When people talk about "removing undefined behavior", they usually mean requiring that compile-time-detectible undefined behaviors be converted into explicit errors.
For example, there are quite a few people who would like to see a C where you can't actually write this:
// int x, y;
if(++x < y) { ... }
...because, well, the behavior of integer overflow is undefined in C, so that code could technically do anything, even though it seems perfectly innocent, especially when coming from a checked language.

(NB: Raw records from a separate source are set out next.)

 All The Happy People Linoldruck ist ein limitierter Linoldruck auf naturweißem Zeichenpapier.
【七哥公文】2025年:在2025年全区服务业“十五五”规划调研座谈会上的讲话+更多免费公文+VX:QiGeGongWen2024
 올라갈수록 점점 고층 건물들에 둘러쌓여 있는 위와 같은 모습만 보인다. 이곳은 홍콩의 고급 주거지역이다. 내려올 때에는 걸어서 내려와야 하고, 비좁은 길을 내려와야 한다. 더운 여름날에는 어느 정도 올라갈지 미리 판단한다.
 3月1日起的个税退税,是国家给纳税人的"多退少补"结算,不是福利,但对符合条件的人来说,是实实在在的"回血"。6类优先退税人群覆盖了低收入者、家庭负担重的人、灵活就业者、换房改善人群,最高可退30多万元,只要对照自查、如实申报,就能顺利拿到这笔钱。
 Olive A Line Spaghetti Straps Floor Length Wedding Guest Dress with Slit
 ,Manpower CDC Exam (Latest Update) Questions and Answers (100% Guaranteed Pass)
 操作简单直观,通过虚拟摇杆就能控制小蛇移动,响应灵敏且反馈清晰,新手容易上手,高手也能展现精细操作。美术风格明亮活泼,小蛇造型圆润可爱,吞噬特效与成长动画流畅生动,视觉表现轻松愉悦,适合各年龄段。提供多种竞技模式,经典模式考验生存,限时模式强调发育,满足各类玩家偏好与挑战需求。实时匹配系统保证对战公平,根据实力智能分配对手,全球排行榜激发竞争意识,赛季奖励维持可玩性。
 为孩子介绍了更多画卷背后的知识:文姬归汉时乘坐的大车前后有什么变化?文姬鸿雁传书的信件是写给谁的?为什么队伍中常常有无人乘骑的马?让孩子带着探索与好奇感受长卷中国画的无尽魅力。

Of course, you can't do anything in the C standard to require that this code work as-is, because the C standard applies to architectures where mutually-exclusive things happen under integer overflow. But you can always just disallow it completely, and require that people use intrinsics that are explicit about what overflow behavior they expect (where that behavior reduces to plain output on target architectures that follow it, and to a shim on target architectures that don't. You know, like floating-point support, or atomics.)

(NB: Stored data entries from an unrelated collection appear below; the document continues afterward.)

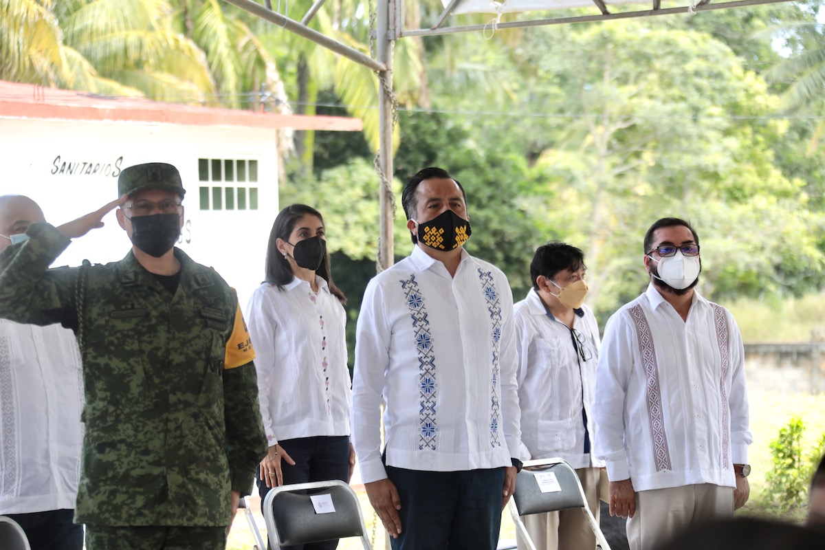 Lo acompañaron el comandante de la 29/a Zona Militar, General Fernando Colchado Gómez; representante de la Tercera Zona Naval, Contralmirante Fidel Maldonado López; el secretario de Gobierno Eric Cisneros Burgos; la fiscal general del Estado, Verónica Hernández Giadáns; el director de la Primaria, César Alberto Castillo Torres; y los alcaldes saliente y electo de Agua Dulce, Sergio Guzmán Ricárdez y José Noé Castillo Olvera.
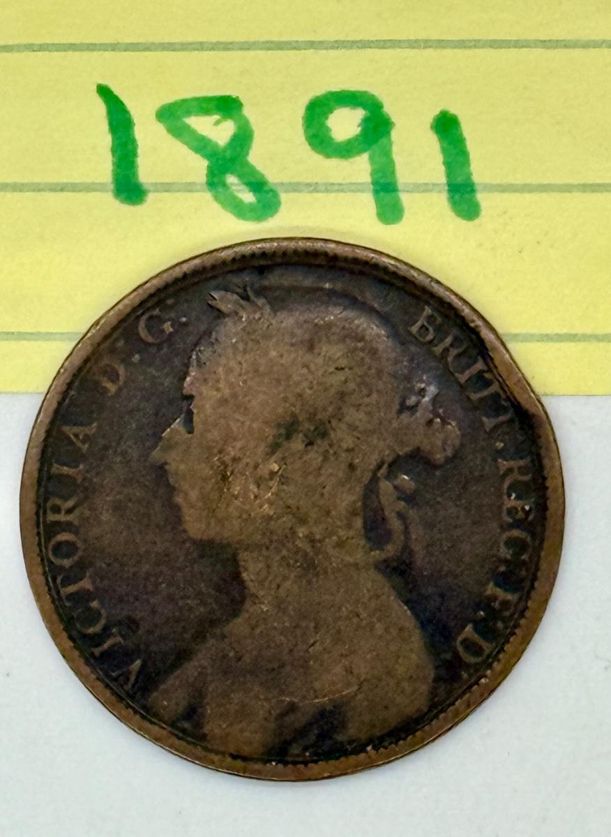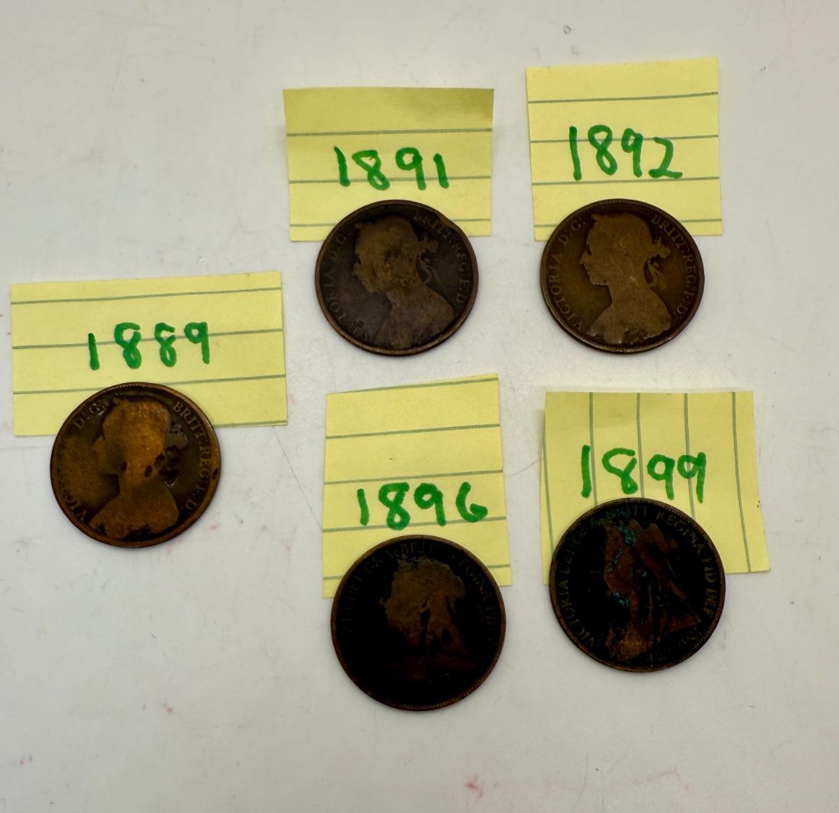 (5) QUEEN VICTORIA British Victorian Pennies 1800's-1900 1889 1891 1892 1896 1899
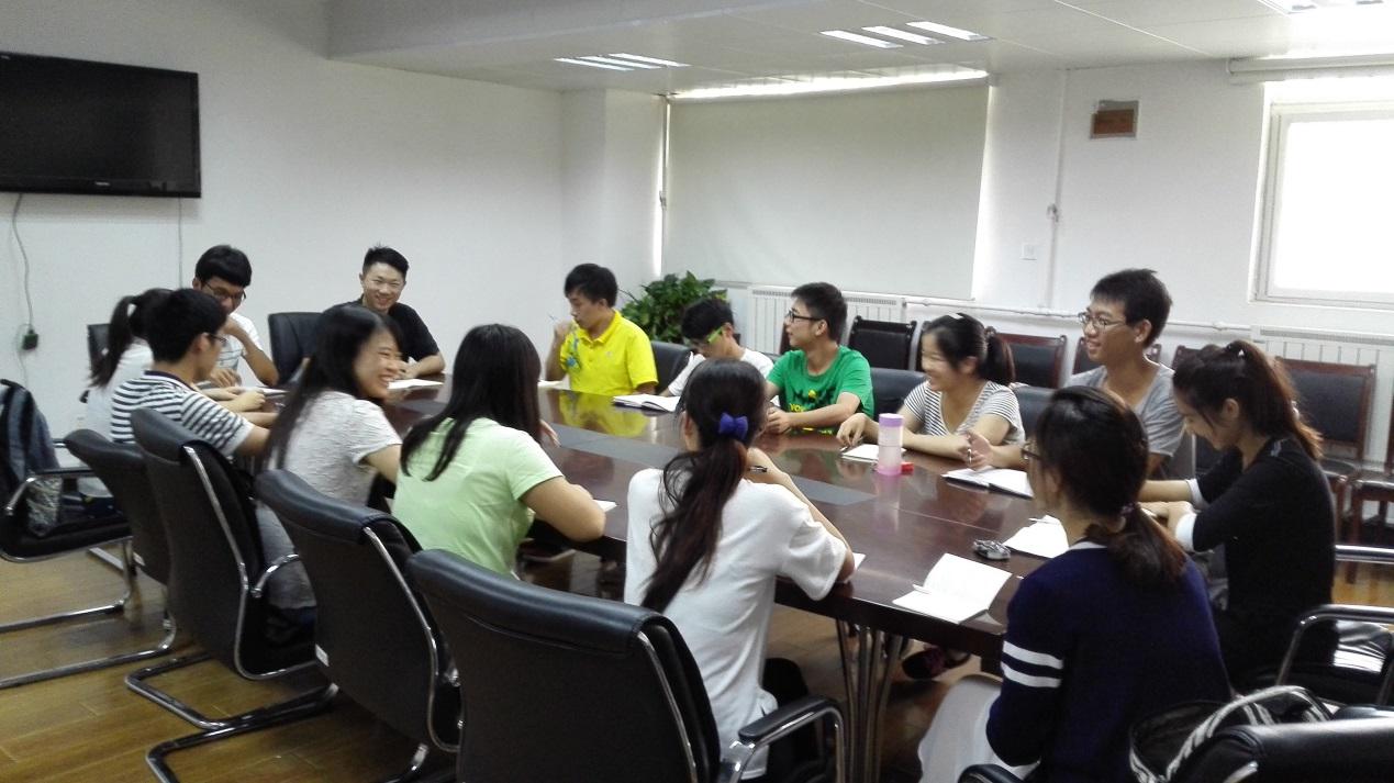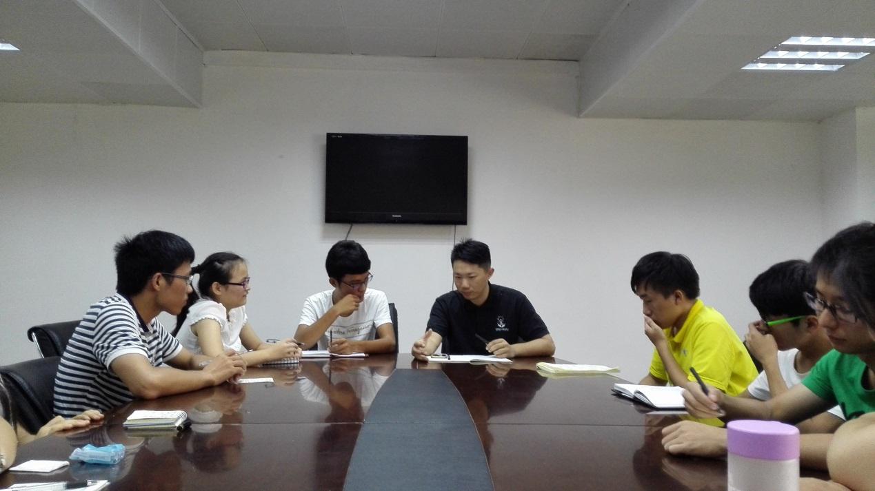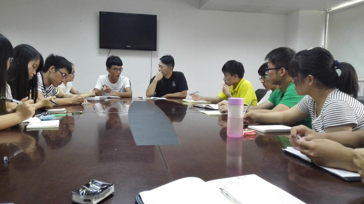 2015年9月19日星期六上午11时许,郑哲老师莅临我校,与陶学子会面。随即,交流座谈会开始。出席座谈会的陶学子是社团的14位领导干部。

...because, well, the behavior of integer overflow is undefined in C, so that code could technically do anything
No compiler is going to go out of its way to compile an increment into the machine's usual increment instruction and an additional overflow check that does whatever, just because it can. It's going to compile it into the machine's usual increment instruction and what happens on overflow is what happens naturally.
It's as absurd as claiming that even "x + y" can invoke undefined behaviour, because while the standard allows it, any compiler that compiles such an addition to anything other than the machine's addition instruction (i.e. with implementation-defined effects), to speak nothing of adding the additional(!) checks to deliberately do something else, is clearly not benefiting anyone.

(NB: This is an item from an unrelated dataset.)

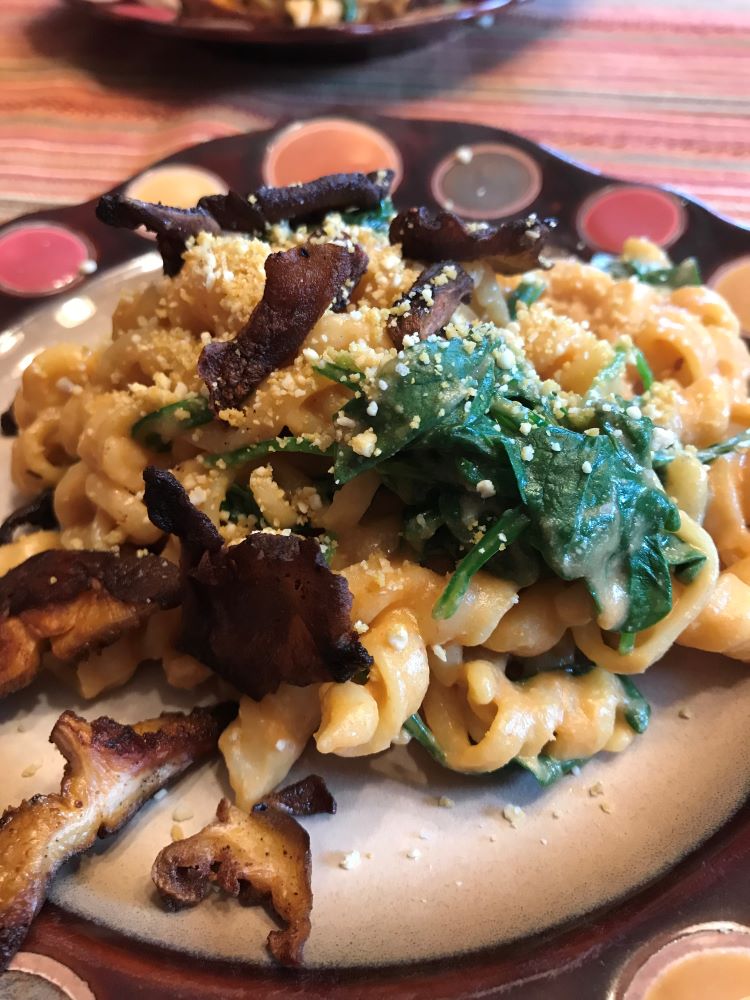 Vegan Mac and Cheese topped with Smoky, Crispy Shiitakes

"In theory, there is no difference between theory and practice. In practice, there is." Pure fearmongering, IMHO.
> No compiler is going to go out of its way to compile an increment into the machine's usual increment instruction and an additional overflow check that does whatever, just because it can
What people are actually worried about is when the compiler starts removing - not adding - seemingly unrelated code in a hard to reason about fashion. And compilers absolutely will go out of their way to do this in the name of optimization and performance. And it will do this because it got smart enough to prove that the "unrelated" code can't run without first technically invoking undefined behavior, at which point it can jump to the wild conclusion that it must never actually execute (or that it can remove the code even if it does, because it's legal for the compiler to do anything after invoking undefined behavior - including not execute that code!)
It also makes reporting compiler bugs annoying, as you first have to definitively prove to yourself and the compiler guys that you've actually got a compiler bug, rather than a compiler "feature" of aggressive optimization within the letter of the C++ standard. It's only out of pure stubbornness that https://gcc.gnu.org/bugzilla/show_bug.cgi?id=84658 got reported upstream, I was assuming it was UB in our codebase most of the way down and thus INVALID as a compiler bug...
But perhaps CVEs and expected behavior being borderline indistinguishable from compiler bugs to most C and C++ programmers I know is just "fear mongering" as you say. IMNSHO, it's not \o/
It's not about the compiler doing "extra checks" to deliberately do something different. The real issue is with aggressive optimizations.
In order to get maximum performance, the compiler is allowed to assume that the programmer doesn't invoke undefined behavior. In other words, it can replace code with something that is equivalent in the presence of UB, but does something totally different in the absence of UB. See e.g. https://blog.regehr.org/archives/767 for some examples of how this can go wrong. (My favorite is the third one.)
Compilers deciding to elide code paths that contain undefined behavior is weird, especially when it chooses to silently elide your checks for division by zero or overflow. It's not weird that actually dividing by zero can do anything; it's weird that by having a possible division by zero can allow the compiler to decide that (divisor==0) is false and ignore it.
> compilers already do that ( yeah, it's one of those RTFM things)
I believe 99% of what people care about the C standard doing, re: UB handling, is requiring compilers to make certain behaviours the default, rather than hidden behind different flags that C newbies who don't understand UB (who thus code most of the bad C!) won't ever set.
Implementation defined behavior is not the same thing as undefined behavior.
Undefined is out of the scope of the language entirely. Using a non-existent index into an array, for example. While you might reasonably expect the program will just look past the end, there is not guarantee it will do so. Optimizing compilers, in particular will assume such a thing cannot happen, and can assume a code branch that does something like this is impossible to reach and discard it entirely.
No one will "fix" such an optimization bug, because the code behind it is valid for ASTs that may have been put into that form from conforming code generated by macros and branches that wouldn't be called. There's nothing to fix.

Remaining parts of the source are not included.